Record excerpts:
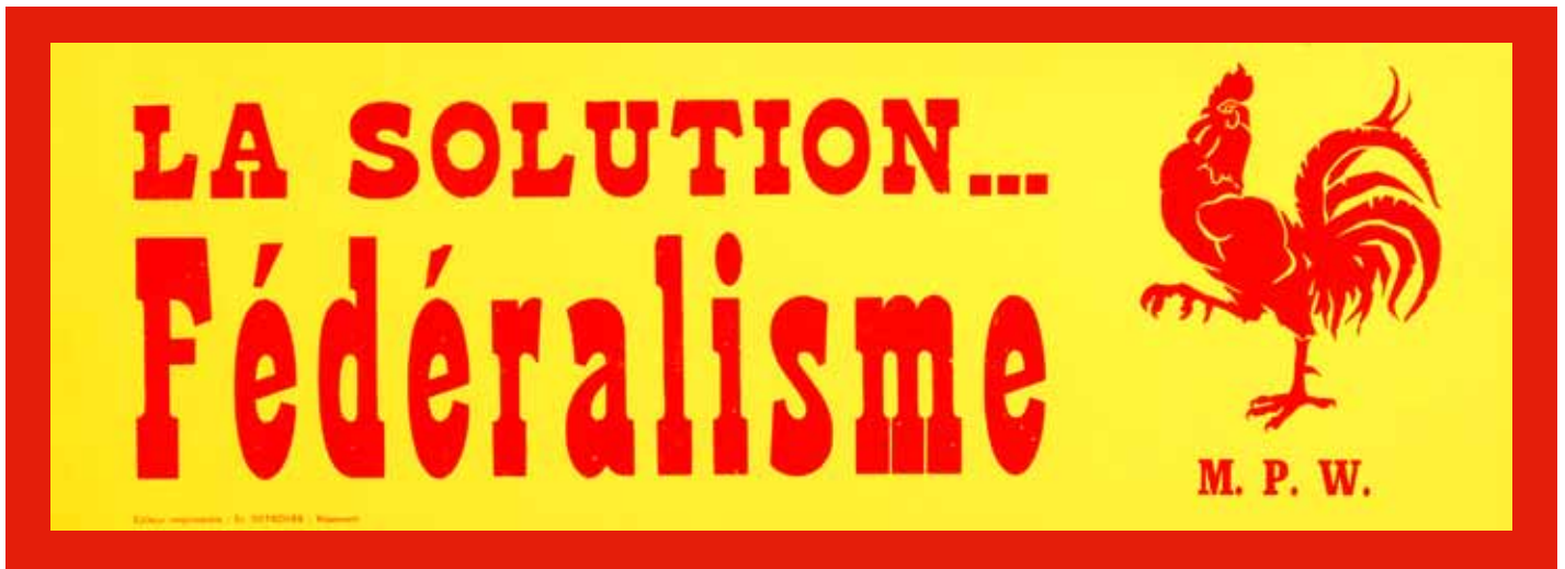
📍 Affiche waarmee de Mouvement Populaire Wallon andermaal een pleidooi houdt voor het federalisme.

==

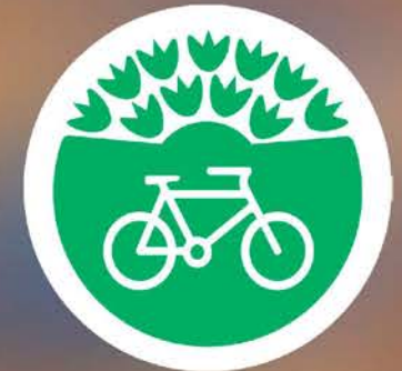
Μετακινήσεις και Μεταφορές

==

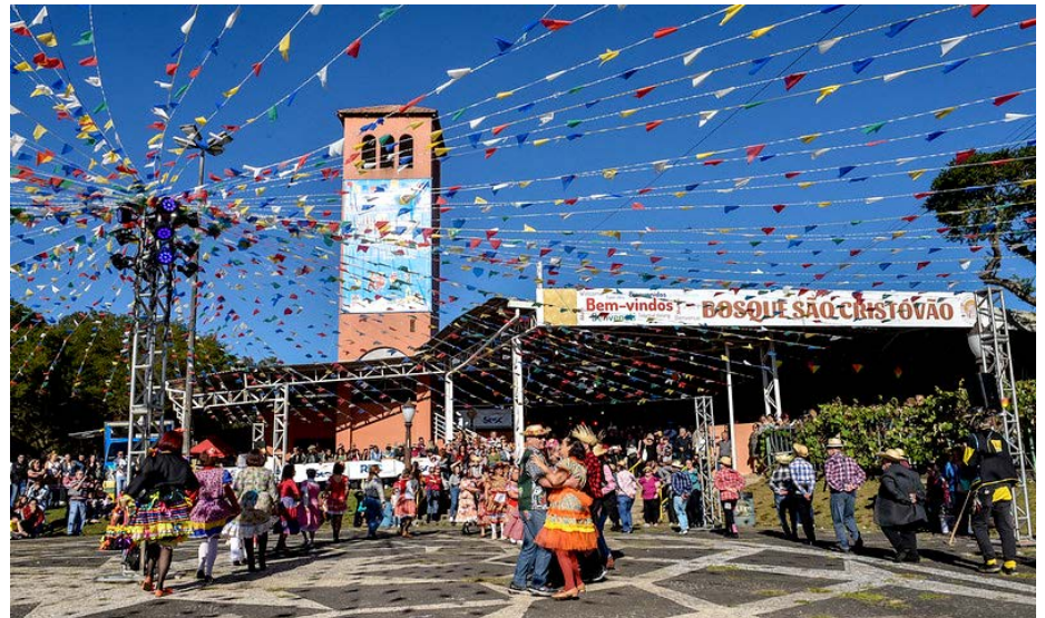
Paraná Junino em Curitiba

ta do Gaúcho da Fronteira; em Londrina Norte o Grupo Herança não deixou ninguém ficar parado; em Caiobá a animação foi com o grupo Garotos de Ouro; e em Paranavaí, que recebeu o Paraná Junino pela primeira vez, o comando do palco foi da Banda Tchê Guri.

Exercise objective:
Copy out, exactly and alone, the lines of the entries above between the ones holding "Paraná Junino em Curitiba" and "ta do Gaúcho", inclusive.

Finished exercise:
Paraná Junino em Curitiba

ta do Gaúcho da Fronteira; em Londrina Norte o Grupo Herança não deixou ninguém ficar parado; em Caiobá a animação foi com o grupo Garotos de Ouro; e em Paranavaí, que recebeu o Paraná Junino pela primeira vez, o comando do palco foi da Banda Tchê Guri.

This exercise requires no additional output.